The Patch Tuesday security update also covers a critical FTP vulnerability, which Microsoft said had been previously exploited in "limited attacks." The zero-day vulnerability occurs in the FTP Service in numerous versions of the Microsoft Internet Information Services. Attackers who exploit the flaw could execute malicious code on IIS version 5.0, or launch denial of service attacks on systems running the FTP Service on IIS version 5.0, 5.1, 6.0 and 7.0.
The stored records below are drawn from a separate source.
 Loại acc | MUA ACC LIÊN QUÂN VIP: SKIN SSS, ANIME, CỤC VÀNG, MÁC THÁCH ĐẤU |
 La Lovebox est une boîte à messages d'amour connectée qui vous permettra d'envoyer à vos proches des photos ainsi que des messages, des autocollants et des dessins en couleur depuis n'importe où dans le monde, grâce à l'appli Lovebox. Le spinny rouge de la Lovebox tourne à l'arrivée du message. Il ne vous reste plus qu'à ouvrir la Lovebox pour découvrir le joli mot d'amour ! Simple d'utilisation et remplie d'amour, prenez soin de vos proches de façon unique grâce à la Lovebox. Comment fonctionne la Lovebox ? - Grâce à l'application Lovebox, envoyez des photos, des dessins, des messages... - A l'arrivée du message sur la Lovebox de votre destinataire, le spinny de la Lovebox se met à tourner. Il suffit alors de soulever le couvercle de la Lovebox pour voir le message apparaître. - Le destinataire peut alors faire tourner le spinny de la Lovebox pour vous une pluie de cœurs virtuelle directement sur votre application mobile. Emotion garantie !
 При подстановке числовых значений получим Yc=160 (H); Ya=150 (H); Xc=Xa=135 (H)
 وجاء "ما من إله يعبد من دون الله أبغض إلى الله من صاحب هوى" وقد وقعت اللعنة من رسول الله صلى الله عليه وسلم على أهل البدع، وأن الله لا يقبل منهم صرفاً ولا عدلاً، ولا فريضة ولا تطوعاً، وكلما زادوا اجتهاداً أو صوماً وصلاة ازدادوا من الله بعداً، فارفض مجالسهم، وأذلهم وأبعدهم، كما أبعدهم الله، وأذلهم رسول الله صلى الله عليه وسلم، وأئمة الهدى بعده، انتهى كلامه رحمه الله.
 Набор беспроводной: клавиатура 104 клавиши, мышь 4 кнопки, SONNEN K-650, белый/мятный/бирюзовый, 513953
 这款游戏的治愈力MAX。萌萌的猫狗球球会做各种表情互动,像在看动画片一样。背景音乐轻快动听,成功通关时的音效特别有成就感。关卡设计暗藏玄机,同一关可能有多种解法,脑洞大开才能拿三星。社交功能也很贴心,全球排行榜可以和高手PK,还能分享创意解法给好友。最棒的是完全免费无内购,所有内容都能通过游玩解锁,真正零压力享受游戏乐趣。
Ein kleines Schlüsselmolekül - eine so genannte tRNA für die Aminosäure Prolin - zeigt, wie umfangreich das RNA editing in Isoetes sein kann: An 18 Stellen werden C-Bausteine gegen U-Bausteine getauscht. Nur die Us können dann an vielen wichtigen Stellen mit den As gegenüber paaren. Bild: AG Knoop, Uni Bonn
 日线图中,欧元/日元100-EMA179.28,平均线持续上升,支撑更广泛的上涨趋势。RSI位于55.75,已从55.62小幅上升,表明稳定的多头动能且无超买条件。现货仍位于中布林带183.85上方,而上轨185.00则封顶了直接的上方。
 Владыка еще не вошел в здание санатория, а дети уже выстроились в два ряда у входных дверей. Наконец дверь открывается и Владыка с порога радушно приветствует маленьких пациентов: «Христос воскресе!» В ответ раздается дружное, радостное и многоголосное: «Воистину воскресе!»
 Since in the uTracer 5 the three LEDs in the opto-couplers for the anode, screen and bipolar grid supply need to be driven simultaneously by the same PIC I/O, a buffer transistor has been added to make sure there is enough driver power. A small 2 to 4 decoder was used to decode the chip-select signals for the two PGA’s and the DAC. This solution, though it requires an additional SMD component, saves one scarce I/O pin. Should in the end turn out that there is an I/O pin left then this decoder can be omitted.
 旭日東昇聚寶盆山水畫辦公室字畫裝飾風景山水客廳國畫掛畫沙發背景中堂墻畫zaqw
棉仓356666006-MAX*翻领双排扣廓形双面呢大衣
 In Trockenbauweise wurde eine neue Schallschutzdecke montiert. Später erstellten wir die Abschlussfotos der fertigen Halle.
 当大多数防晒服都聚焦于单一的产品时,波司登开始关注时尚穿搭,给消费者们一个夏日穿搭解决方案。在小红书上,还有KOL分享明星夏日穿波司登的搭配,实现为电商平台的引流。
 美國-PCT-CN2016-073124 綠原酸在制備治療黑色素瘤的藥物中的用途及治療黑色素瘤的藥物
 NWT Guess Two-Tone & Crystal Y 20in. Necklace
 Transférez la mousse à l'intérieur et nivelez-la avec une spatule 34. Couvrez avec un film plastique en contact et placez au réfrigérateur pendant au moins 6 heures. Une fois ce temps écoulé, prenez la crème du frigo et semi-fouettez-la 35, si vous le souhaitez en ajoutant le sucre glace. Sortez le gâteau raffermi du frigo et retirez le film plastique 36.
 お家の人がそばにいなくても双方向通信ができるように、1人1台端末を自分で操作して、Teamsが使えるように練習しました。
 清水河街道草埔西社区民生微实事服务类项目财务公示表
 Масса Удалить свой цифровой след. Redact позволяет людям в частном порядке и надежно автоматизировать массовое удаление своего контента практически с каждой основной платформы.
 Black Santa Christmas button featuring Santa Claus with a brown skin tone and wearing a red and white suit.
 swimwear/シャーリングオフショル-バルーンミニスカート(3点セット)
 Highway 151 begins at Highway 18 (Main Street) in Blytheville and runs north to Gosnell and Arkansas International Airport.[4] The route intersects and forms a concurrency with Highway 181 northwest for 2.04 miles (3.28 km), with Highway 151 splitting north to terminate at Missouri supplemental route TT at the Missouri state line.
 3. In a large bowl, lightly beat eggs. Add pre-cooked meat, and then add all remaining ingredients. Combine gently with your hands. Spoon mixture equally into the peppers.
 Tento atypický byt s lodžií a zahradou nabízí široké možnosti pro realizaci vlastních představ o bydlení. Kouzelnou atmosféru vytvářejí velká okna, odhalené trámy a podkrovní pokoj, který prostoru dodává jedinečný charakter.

Microsoft will address both the SMB and FTP vulnerabilities with patches a little more than a month after they were first disclosed in September and security experts maintain that the company is in general becoming more responsive to zero-day flaws as it further invest resources into its security offerings such as Forefront and the new free antimalware scanner Microsoft Security Essentials.

"They take it a lot more seriously and have been a lot more responsive to the community," said Chester Wisniewsky, senior security advisor for Sophos. "I think they realize their security reputation is very important."

Meanwhile Wisniewsky said that Microsoft has typically dealt with unusually large patches in the fall after serious security vulnerabilities are revealed at summer hacker conferences such as BlackHat and DefCon.

"It's unclear, but if you read the tea leaves a little bit, (the heavy patch load) implies it could be a response to some of those things that were disclosed but haven't been patched yet."